To investigate the four final de novo assemblies using Canu (polished), Miniasm (polished), SMARTdenovo, and MaSuRCA (Illumina hybrid) for detection of AMR determinants in the 2016 WHO gonococcal reference genomes40, we used the WGSA (www.wgsa.net)21 and PubMLST (www.pubmlst.org).

WGSA is an easy-to-use web interface where you drag-and-drop the assemblies into the web browser and the characterisation is done in minutes21. We used this interface for all chosen assemblies (n = 112) and the analysis of AMR determinants took 15 minutes. We observed good concordance overall with the verified AMR determinants in the reference genomes (Table 2), with the exception of the 23S rDNA macrolide resistance determinant C2611T, which was incorrectly identified in the Canu (polished) and Miniasm (polished) assemblies. No ONT assembly was able to correctly characterise penA in WHO W and none, including the MaSuRCA hybrid assembly, was able to correctly characterise penA in WHO K (Table 2). The characterisation of plasmid-mediated AMR determinants was inaccurate in all four chosen assemblies for the detection of tet(M). Also, the chosen assemblies failed to detect blaTEM in WHO M, WHO O and WHO V and incorrectly reported presence of blaTEM in WHO G in the Miniasm (polished), SMARTdenovo and MaSuRCA assemblies (Table 3). Out of the 2D ONT assemblies, the SMARTdenovo assembly performed the best.

Table 2 Characterisation of chromosomal antimicrobial resistance (AMR) determinants in the 2016 WHO Neisseria gonorrhoeae reference strains (n = 14)40,41 using Whole Genome Sequence Analysis (WGSA; www.wgsa.net)21 and three MinION 2D ONT-only assemblies, MinION 2D ONT-Illumina hybrid assembly and an in house-customised CLC Genomics Workbench, including NG-STAR57 and a customised database for AMR determinant detection. The discrepant results from the published reference genomes are highlighted in bold letters.
Table 3 Detection of plasmid-mediated antimicrobial resistance determinants in the 2016 WHO Neisseria gonorrhoeae reference strains (n = 14)40,41 using Whole Genome Sequence Analysis (WGSA; www.wgsa.net)21 and an in house-customised CLC Genomics Workbench. The discrepant results from the published references are highlighted in bold letters.

We also used the PubMLST database, which is another easy-to-use web-based tool, that can mine assembly data for various purposes. The database uses assemblies as input and delivers results in few minutes. The PubMLST database (www.pubmlst.org), using 2D ONT assemblies, was only able to characterise the mtrR AMR determinant and this was only done in the Canu assemblies. However, using the MaSuRCA hybrid assembly PubMLST had 100% concordance with the published reference genomes for detection of penA, mtrR, penB, ponA, 23S rDNA, gyrA, and tet(M). PubMLST does not include rpsJ in its gonococcal AMR characterisation module and also failed to detect the blaTEM gene in WHO M and WHO N (Table 3).
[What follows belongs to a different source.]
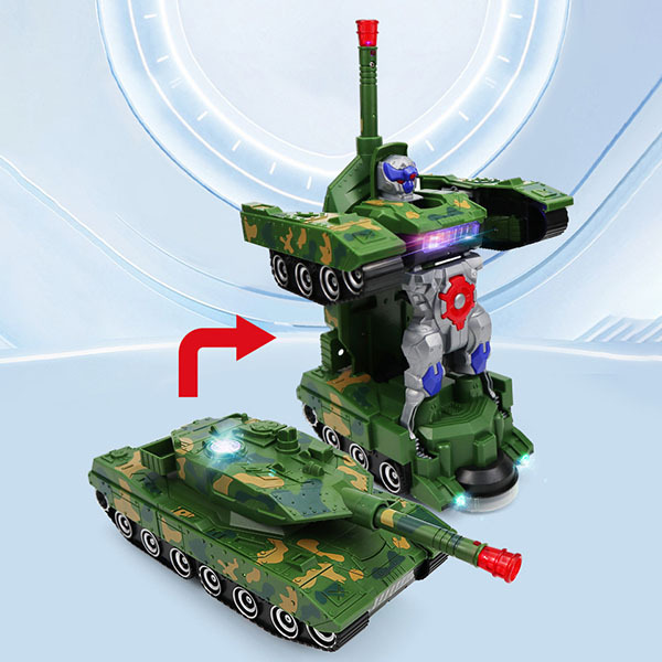 Іграшка перетворюється з танка на робота одним натисканням на кнопку, розташованій на корпусі. Це миттєвий і цікавий процес, що додає інтриги та розширює можливості гри

The NG-STAR database57, included in the WHO CC in house-customised CLC Genomics Workbench, gave 100% concordance for the presence of all AMR determinants characterised in NG-STAR57 with the reference genomes (Table 2). All the plasmid-mediated AMR determinants (Table 3) and the AMR determinants penB, 16S rDNA, and parC were also correctly characterised. The customised CLC Genomics Workbench was therefore used to characterise the AMR determinants in the clinical isolates using only the 2D ONT reads.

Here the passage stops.